§ Task item
Using the listing below, please print exactly the lines from the one with "闵永新副院长指出,习近平总书" through the one with "이 사건 등록디자인과". Leave out every picture.

§ Record set
=== Begin Enclosure ===

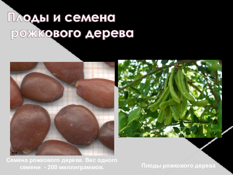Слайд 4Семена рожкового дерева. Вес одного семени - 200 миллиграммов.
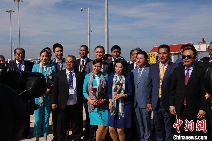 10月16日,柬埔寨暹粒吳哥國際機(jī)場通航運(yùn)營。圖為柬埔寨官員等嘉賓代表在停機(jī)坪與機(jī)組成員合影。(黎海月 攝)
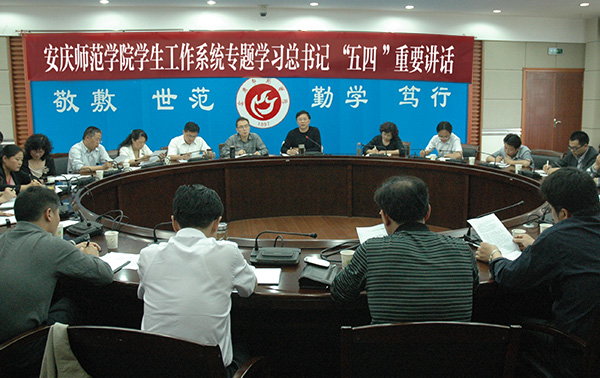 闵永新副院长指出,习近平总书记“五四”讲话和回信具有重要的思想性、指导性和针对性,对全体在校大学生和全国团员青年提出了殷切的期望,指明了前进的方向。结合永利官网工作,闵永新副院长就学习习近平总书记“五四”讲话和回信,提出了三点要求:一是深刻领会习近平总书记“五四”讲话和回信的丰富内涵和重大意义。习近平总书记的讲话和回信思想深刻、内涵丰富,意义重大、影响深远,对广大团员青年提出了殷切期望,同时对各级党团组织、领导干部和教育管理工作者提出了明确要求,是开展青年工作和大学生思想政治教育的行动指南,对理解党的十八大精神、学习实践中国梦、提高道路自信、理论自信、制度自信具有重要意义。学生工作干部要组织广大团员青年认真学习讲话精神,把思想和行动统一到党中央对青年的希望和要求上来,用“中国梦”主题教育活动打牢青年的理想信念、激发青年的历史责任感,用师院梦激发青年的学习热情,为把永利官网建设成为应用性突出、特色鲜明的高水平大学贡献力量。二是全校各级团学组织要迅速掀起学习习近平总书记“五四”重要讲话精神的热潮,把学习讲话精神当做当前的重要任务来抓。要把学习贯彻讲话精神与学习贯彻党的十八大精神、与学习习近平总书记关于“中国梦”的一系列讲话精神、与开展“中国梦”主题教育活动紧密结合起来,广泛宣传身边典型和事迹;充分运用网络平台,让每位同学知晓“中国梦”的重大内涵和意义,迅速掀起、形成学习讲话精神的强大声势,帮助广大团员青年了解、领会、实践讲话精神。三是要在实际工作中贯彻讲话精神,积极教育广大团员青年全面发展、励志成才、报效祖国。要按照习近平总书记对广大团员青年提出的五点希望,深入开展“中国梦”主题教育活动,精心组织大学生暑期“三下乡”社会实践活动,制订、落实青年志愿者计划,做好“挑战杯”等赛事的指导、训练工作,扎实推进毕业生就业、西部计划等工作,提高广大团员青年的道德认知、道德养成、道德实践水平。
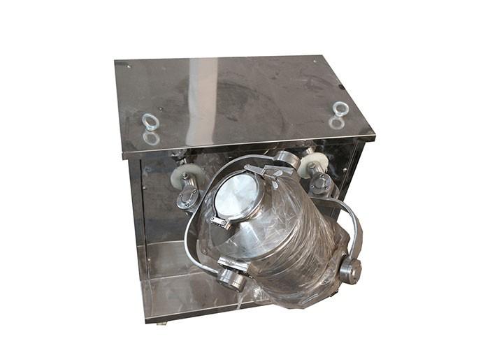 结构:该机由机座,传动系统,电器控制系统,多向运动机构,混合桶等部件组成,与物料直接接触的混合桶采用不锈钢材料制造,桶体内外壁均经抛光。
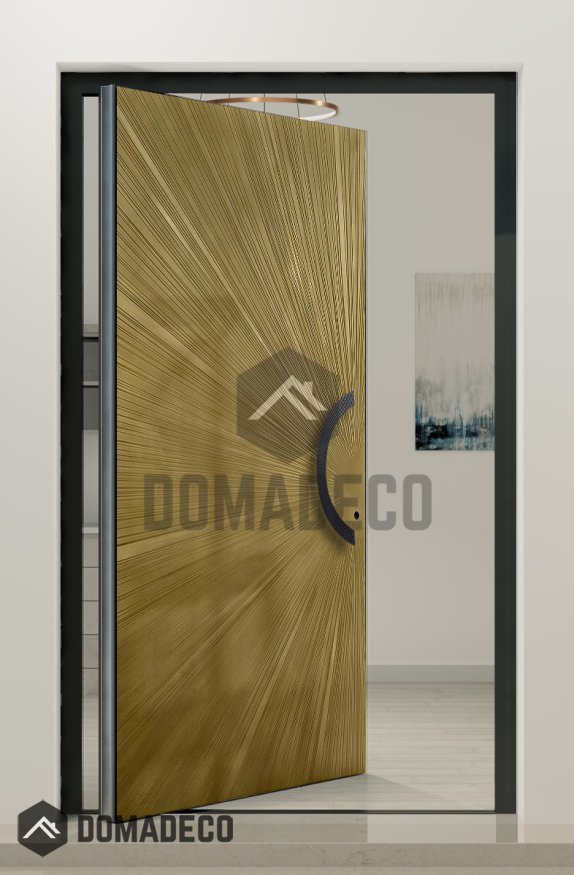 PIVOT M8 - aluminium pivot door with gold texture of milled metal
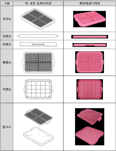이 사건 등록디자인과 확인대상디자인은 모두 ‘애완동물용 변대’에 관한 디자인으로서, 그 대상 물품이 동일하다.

=== End Enclosure ===
=== Begin Enclosure ===

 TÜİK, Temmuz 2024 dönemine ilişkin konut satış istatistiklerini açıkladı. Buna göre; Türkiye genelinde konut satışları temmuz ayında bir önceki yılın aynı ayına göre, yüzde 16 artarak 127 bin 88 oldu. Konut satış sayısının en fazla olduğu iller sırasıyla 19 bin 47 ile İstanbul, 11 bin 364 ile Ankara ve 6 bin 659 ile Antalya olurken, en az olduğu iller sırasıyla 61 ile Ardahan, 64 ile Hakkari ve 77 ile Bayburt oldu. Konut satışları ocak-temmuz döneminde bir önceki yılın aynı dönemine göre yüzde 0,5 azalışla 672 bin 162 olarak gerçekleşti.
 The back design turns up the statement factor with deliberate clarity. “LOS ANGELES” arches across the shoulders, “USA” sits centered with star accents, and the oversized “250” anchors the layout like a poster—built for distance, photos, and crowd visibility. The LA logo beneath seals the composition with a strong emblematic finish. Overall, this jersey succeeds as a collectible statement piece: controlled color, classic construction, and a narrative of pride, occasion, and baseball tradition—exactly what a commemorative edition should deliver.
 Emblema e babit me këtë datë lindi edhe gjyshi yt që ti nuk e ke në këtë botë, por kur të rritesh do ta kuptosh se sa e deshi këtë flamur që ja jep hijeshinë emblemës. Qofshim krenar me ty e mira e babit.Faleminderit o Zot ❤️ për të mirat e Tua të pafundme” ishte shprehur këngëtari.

=== End Enclosure ===
=== Begin Enclosure ===

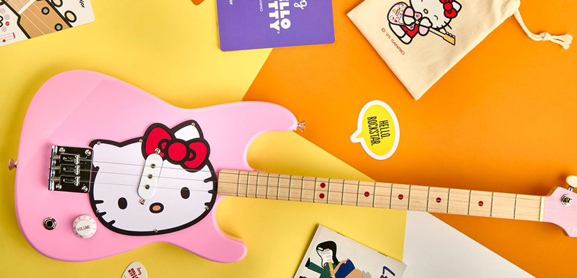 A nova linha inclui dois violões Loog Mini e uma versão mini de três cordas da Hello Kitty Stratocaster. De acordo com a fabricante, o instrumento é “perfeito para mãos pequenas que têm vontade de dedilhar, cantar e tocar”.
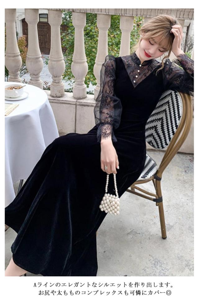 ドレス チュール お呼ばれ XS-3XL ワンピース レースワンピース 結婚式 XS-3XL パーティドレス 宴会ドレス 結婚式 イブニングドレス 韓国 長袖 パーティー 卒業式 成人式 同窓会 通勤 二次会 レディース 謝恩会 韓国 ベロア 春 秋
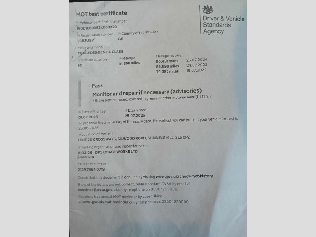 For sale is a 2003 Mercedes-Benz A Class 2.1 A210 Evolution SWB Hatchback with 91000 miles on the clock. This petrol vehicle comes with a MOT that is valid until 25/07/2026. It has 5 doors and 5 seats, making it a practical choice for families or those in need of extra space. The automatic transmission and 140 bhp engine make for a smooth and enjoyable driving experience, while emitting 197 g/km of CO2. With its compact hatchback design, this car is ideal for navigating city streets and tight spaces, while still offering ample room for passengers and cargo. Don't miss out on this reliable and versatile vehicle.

=== End Enclosure ===

§ Solution for this task
 闵永新副院长指出,习近平总书记“五四”讲话和回信具有重要的思想性、指导性和针对性,对全体在校大学生和全国团员青年提出了殷切的期望,指明了前进的方向。结合永利官网工作,闵永新副院长就学习习近平总书记“五四”讲话和回信,提出了三点要求:一是深刻领会习近平总书记“五四”讲话和回信的丰富内涵和重大意义。习近平总书记的讲话和回信思想深刻、内涵丰富,意义重大、影响深远,对广大团员青年提出了殷切期望,同时对各级党团组织、领导干部和教育管理工作者提出了明确要求,是开展青年工作和大学生思想政治教育的行动指南,对理解党的十八大精神、学习实践中国梦、提高道路自信、理论自信、制度自信具有重要意义。学生工作干部要组织广大团员青年认真学习讲话精神,把思想和行动统一到党中央对青年的希望和要求上来,用“中国梦”主题教育活动打牢青年的理想信念、激发青年的历史责任感,用师院梦激发青年的学习热情,为把永利官网建设成为应用性突出、特色鲜明的高水平大学贡献力量。二是全校各级团学组织要迅速掀起学习习近平总书记“五四”重要讲话精神的热潮,把学习讲话精神当做当前的重要任务来抓。要把学习贯彻讲话精神与学习贯彻党的十八大精神、与学习习近平总书记关于“中国梦”的一系列讲话精神、与开展“中国梦”主题教育活动紧密结合起来,广泛宣传身边典型和事迹;充分运用网络平台,让每位同学知晓“中国梦”的重大内涵和意义,迅速掀起、形成学习讲话精神的强大声势,帮助广大团员青年了解、领会、实践讲话精神。三是要在实际工作中贯彻讲话精神,积极教育广大团员青年全面发展、励志成才、报效祖国。要按照习近平总书记对广大团员青年提出的五点希望,深入开展“中国梦”主题教育活动,精心组织大学生暑期“三下乡”社会实践活动,制订、落实青年志愿者计划,做好“挑战杯”等赛事的指导、训练工作,扎实推进毕业生就业、西部计划等工作,提高广大团员青年的道德认知、道德养成、道德实践水平。
 结构:该机由机座,传动系统,电器控制系统,多向运动机构,混合桶等部件组成,与物料直接接触的混合桶采用不锈钢材料制造,桶体内外壁均经抛光。
 PIVOT M8 - aluminium pivot door with gold texture of milled metal
이 사건 등록디자인과 확인대상디자인은 모두 ‘애완동물용 변대’에 관한 디자인으로서, 그 대상 물품이 동일하다.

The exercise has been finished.